Терять время Софи не любила из природного рационализма, хотя никакого недостатка в нем никогда не ощущала. Иногда ей вообще казалось, что в ее собственных сутках несколько больше часов, чем в сутках, предоставленных судьбой другим людям. Единственным человеком, который понимал ее вполне и жил в таком же, как бы растянутом относительно прочих времени, была и оставалась бывшая горничная Софи Вера Михайлова.
Отношения Софи со временем оставались весьма удивительны для большинства окружающих. Несмотря на огромное количество дел, которые она делала практически одновременно, у нее всегда находилось свободное время не только на чтение книг или ленивое безделье, но и на любое новое начинание, которое ее хоть сколько-нибудь занимало. Сверстницы и подруги Софи, которые, встав поздним утром, практически не успевали заметить, как наступил вечер, а с весны до Рождества каждого года насчитывали два-три запомнившихся из собственной или общественной жизни события, удивлялись и, пожалуй, не по-хорошему завидовали этой особенности Софи Домогатской.
«Я просто очень многого не делаю из того, что все, – объясняла желающим Софи. – Оттого и времени много остается.

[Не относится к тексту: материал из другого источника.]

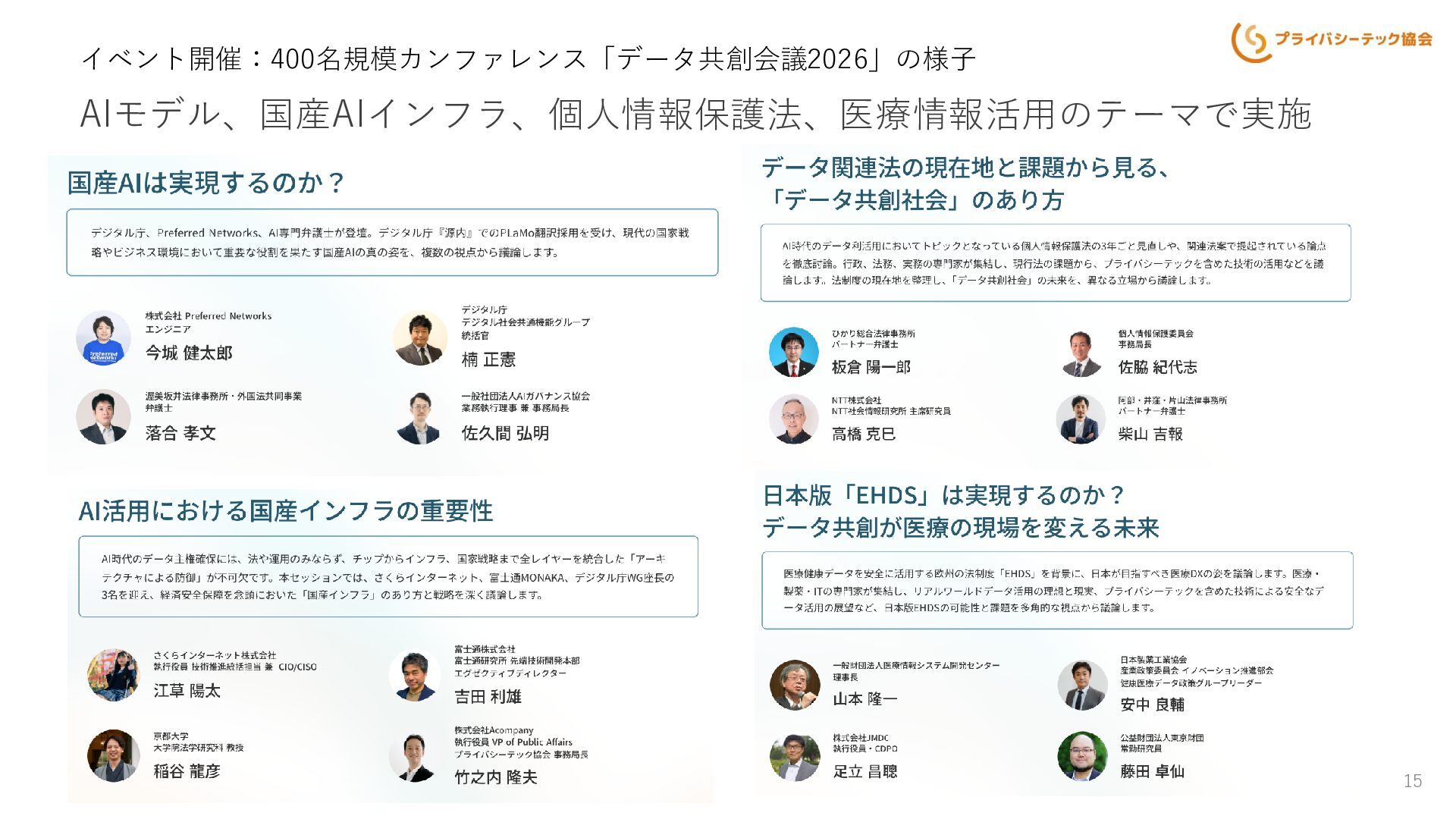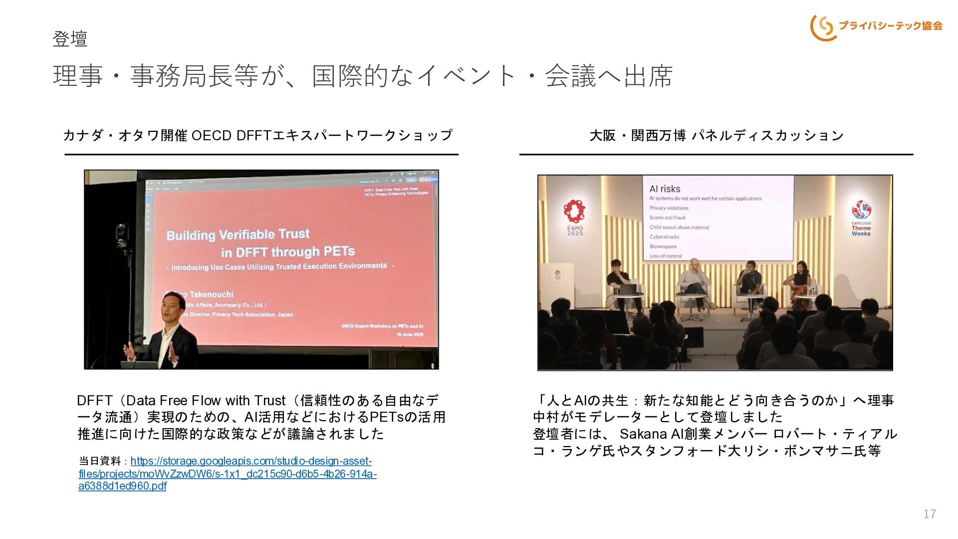 Trust(信頼性のある自由なデ ータ流通)実現のための、AI活用などにおけるPETsの活用 推進に向けた国際的な政策などが議論されました 大阪・関西万博 パネルディスカッション 「人とAIの共生:新たな知能とどう向き合うのか」へ理事 中村がモデレーターとして登壇しました 登壇者には、 Sakana AI創業メンバー ロバート・ティアル コ・ランゲ氏やスタンフォード大リシ・ボンマサニ氏等 当日資料:https://storage.googleapis.com/studio-design-asset- files/projects/moWvZzwDW6/s-1x1_dc215c90-d6b5-4b26-914a- a6388d1ed960.pdf

Прически, притирания, ванны, вся эта суета перед зеркалом в будуаре. Потом – чай, визиты, карточки, разговоры ни о чем. Мода, портные, доктора… Целый большой кусок жизни ко мне отношения не имеет.» – «Но что ж, если заболело что-то? – удивленно переспрашивала собеседница. – Как же без доктора?» – «Болезни – от скуки, или от того, что делаешь не то, что надо. Или уж от исчерпанности жизни, – отчеканивала Софи. – Думать надо, что еще сделать можно, а не пилюли глотать!» – «Ну это уж вы, милочка, чересчур!» – недовольно бормотала собеседница. – «Извольте, как знаете!» – Софи облегченно вздыхала и вместе с ощутимым кожей сквозняком уносилась по очередному делу.
«Все три сестры Домогатских уродились чертовски разными, – давно уж заметил кто-то из наблюдательных знакомцев семьи. – Вокруг Софи постоянный тревожный сквозняк, средняя – непрерывно зевает, а младшая – всегда стоит на пороге».